Wednesday, July 9, 2008

Wednesday Commodities Round-Up

There have been some really strong price moves in the commodity markets over the last few days.

Commodity markets slumped for a third straight session Tuesday, as a surging dollar and fewer worries over supplies hammered energy, metals and agricultural prices.

U.S. crude closed down nearly $6, bringing it almost $10 off Friday's record high near $146 a barrel.

Among industrial metals, aluminum lost 6% in London and copper fell nearly 4% in New York. Gold, which moves in step with oil but opposite to the dollar, also closed down.
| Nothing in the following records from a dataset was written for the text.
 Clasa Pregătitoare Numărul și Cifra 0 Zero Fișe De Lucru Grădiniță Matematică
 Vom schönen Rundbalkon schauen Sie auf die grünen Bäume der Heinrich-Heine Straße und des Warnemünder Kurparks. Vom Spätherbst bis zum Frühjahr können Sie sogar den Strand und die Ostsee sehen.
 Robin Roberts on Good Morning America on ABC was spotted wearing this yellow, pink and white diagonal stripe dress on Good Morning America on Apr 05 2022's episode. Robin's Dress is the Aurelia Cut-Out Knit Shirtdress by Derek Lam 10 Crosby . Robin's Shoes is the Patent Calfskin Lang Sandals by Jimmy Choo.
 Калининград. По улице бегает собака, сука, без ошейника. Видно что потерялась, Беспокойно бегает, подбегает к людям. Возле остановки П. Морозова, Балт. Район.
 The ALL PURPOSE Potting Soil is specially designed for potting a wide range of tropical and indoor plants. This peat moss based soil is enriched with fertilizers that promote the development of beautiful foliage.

Corn futures finished 3% lower and soybeans fell almost 2% in Chicago, retreating further from record highs last month.

.....

"Overall, a stronger U.S. dollar, weaker oil and concerns about the global economic outlook have hurt the complex," said David Thurtell, an analyst at BNP Paribas in London.
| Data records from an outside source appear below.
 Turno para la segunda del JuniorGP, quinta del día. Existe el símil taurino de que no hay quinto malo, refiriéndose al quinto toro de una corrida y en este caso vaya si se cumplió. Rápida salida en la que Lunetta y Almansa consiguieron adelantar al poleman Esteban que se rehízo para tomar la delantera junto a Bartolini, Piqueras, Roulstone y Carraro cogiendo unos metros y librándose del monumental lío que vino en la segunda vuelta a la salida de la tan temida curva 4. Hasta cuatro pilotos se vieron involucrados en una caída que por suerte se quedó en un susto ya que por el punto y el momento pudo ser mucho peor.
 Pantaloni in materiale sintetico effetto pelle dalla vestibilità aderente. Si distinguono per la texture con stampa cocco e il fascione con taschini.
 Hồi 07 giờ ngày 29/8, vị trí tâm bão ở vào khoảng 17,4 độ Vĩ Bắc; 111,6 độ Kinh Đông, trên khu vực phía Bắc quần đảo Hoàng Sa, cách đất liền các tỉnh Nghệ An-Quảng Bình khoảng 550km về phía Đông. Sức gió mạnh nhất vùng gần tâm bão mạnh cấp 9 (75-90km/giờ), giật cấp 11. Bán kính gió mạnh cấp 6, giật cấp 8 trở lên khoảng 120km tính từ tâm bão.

But before we start to celebrate, let's take a look at the charts.



On the overall CRB index, note the following:

-- The uptrend is still in place.

-- Although prices have moved through the 10 and 20 day SMA, prices have actually used the 50 day SMA for technical support in the current rally.
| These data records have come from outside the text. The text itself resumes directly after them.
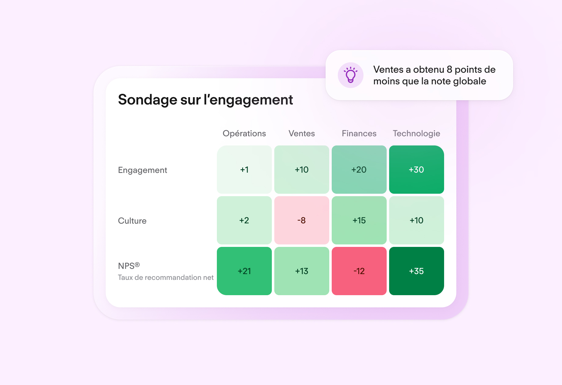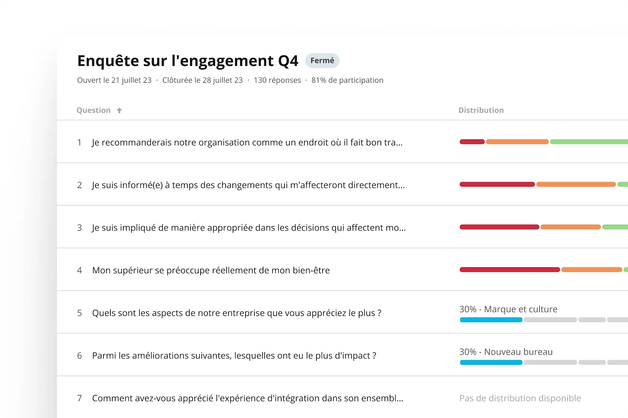 Lancez votre sondage en quelques minutes et explorez les résultats fondés sur des données scientifiques pour révéler les véritables moteurs d’engagement.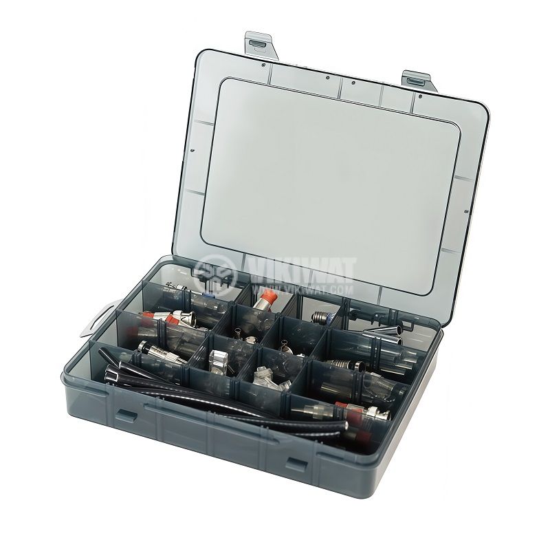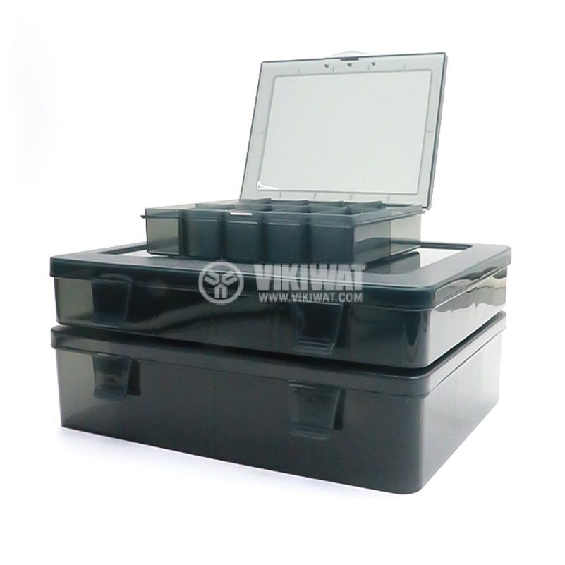 Практичен органайзер за съхранение на инструменти, крепежи и дребни консумативи, подходящ за работилници, сервизи и домашна употреба. С компактни размери и прозрачeн капак, осигурява бърз достъп и добра видимост на съдържанието.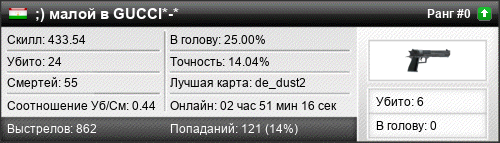 | de_dust2 | 10 | 0.56 | 0.33 | 2 | 22 | 00:30:39 | 06.03.2021 | |

-- All the SMAs are still moving higher

-- There is a great deal of technical support around 440.

Short version: we've seen two days of profit taking. But we haven't seen the kind of technical damage to the chart that will get traders to dump long positions yet.



Agricultural prices are interesting. I have been writing for several weeks that the chart looked like it might be forming a double top. That seems to be more and more likely. Remember the latest rally was caused by a natural disaster which by definition has a time limit. As a result, when the disaster retreats so does the reason for price increases. Also remember an old adage that one of the cures for high prices is high prices. This simply means that when prices get high enough they lead producers to find more product to sell or decrease demand in some way. Either way, it adds downward pressure to prices.



Gold is a proxy for inflation expectations in the markets, which also means gold can give us an idea for what traders are thinking about the future prices of commodities. Golds chart is sending a bunch of very mixed signals.

On the bearish side:

-- Prices are still in the price valley that formed after their peak in early March.

-- Although the SMAs are technically in a bullish alignment, they are still bunched up in a narrow range.

-- Prices are still meandering in a fairly tight range.

On the bullish side:

-- Prices are above all the SMAs

-- The shorter SMAs are above the longer SMAs

-- Prices have spent a few months consolidating from the highs in late March, but haven't crashed.